Мир праху твоему, Александр Петрович.
Чем ближе Борис подходил к Перелетихе, тем замедленнее становился его шаг. Будто шел он не к доброй свояченице, а к лютой вражине.
И не раз уже в таком вот состоянии думал: «Почему так – Петьке с Федькой Перелетиха «до лампочки», хотя они и выросли здесь, а Ванюшка без Перелетихи жить не может? Видать, все она, Нинушка…» А вот что Нинушка – понять он не мог, да и не стремился понять.
Когда перебирались в Курбатиху, Нина упросила оставить Ванюшку у неё, хотя бы на первое время. И его оставили.
Раков был уже председателем колхоза, и Нина обратилась к нему:
– Николай Васильевич, нельзя ли так… чтобы я, ну, работала у себя в Перелетихе?

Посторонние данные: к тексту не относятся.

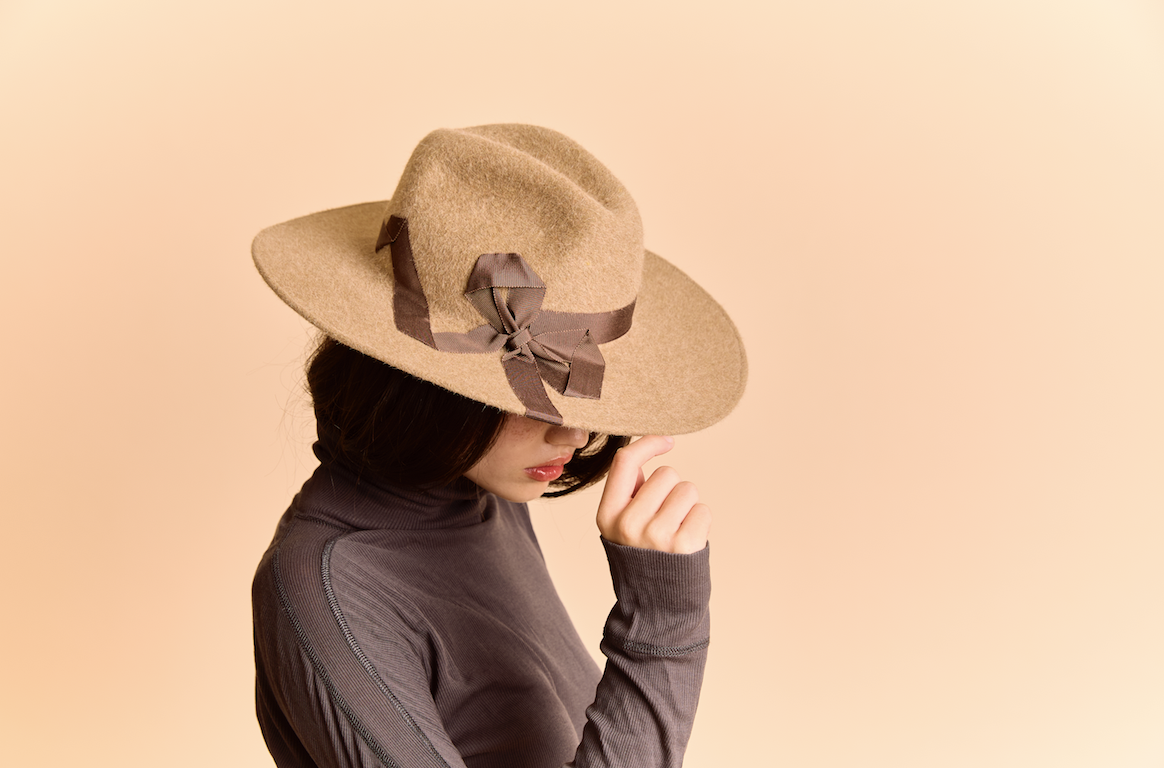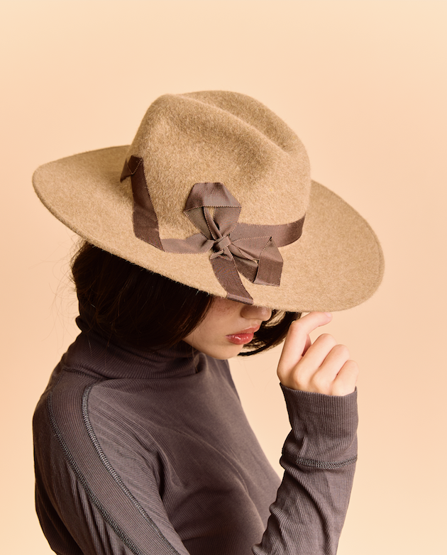 Introducing Freddie Fedora - a meticulously crafted in our Antwerp atelier using traditional millinery techniques for superior quality and craftmanschip. This elegant fedora features a sleek silhouette and a wonderfully original bow Petersham detailing.

Почти год жена Ракова и дочка жили в Курбатихе, и почти год Нина по работе общалась с Раковым, и за все это время они и словом не напомнили друг другу о том, что было между ними, однако негласный, внутренний диалог велся – они ещё понимали друг друга. И когда Нина обратилась с просьбой, Раков понял примерно так: «Пойми меня правильно, я могу работать и здесь, но ведь лучше, если я схоронюсь в Перелетихе». – «Может быть, и лучше», – согласился он. И она продолжила вслух:
– А то ведь как получается: из Перелетихи в Курбатиху, а другой – из Курбатихи в Перелетиху. («Каждый день глаза мозолю: мне больно, а тебе, наверно, досадно». – И последовал ответ: «Мне тоже…») Борис с Верой сюда перебираются, а Ванюшка у меня побудет, на новом-то месте трудно сразу обжиться. («Одна я, своего-то ребеночка вдруг и не будет, так хоть с племянничком куковать буду». – И последовал ответ: «А у меня дочка, родная, и люблю я ее, только вот живем в одной семье, а как будто врозь – каждый по себе».) Вы уж придумайте, Николай Васильевич, что-нибудь, не обязательно ведь агрономом. («Давай уж, пойдем на жертву, так обоим лучше будет». – И последовал ответ: «Права ты, надо подумать…»)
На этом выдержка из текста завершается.